Recomiendo sobre todo a quien desee amar y aborrecer a Steiner de la manera más directa y más profunda que recurra a la comparación de dos ensayos suyos, ambos relativamente recientes y que figuran publicados, como corresponde en la particular estrategia de este crítico de críticos, uno tras otro. Me refiero a «Dos gallos» y «Dos cenas», en las págs. 427 y ss. de la versión española de Pasión intacta. Allí Steiner descubre no ya lo más pedante de su escritura, lo más escandaloso y más comprometido, sino la manía de su intento fallido de ser una voz más entre los filósofos. (¿Cómo es que a un hombre tan perspicaz se le ha pasado por alto el enorme hecho de que un filósofo no es sencillamente otro hombre de letras más? La maravilla de la lectura steiniana de los poetas y los trágicos se vuelve platitud cuando afronta con el mismo ligero paso a los más altos entre los escritores: los filósofos).

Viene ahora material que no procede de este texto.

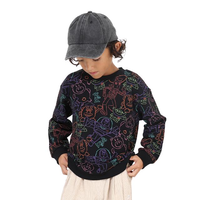 人気キャラクター達のカラフルなイラスト風総柄がおしゃれなトイ・ストーリーのトレーナー★

Los dos gallos son, desde luego, el que Sócrates destina, como sacrificio de acción de gracias póstumo, a Asclepio, el dios de la salud, y el que cantaba cerca de san Pedro la noche de la prisión de Cristo. Las herejías de la inteligencia y del amor hacen escribir a Steiner las mejores páginas de su obra, posiblemente, gracias a que la letra que lee ante nosotros se le figura «gramática como teología», presencia de un autor que desborda los marcos del concepto consabido de autor.

Las dos cenas son, desde luego, la que fue seguida por el banquete en casa de Agatón, con Sócrates y Alcibíades diciendo in vino veritatem amoris, y la Ultima Cena, donde quien es celebrado como el amor encarnado de Dios permite que Judas, con su salida del cenáculo cargando con la culpa del asesinato absoluto, «abra la puerta a la Shoá». Dios y el diablo, página contra página.

En este ambiente lastimoso de plagiarios prominentes y cátedras de patrimonio casi familiar, por una vez al menos se ha concedido un premio cultural español —el Príncipe de Asturias— a alguien que sin duda lo merece. Pero también sucede que no podemos reprimir la expresión de una esperanza desatinada, desaforada: ojalá no fueran ya nunca más necesarios estos lectores de lectores cuyo patrón es George Steiner.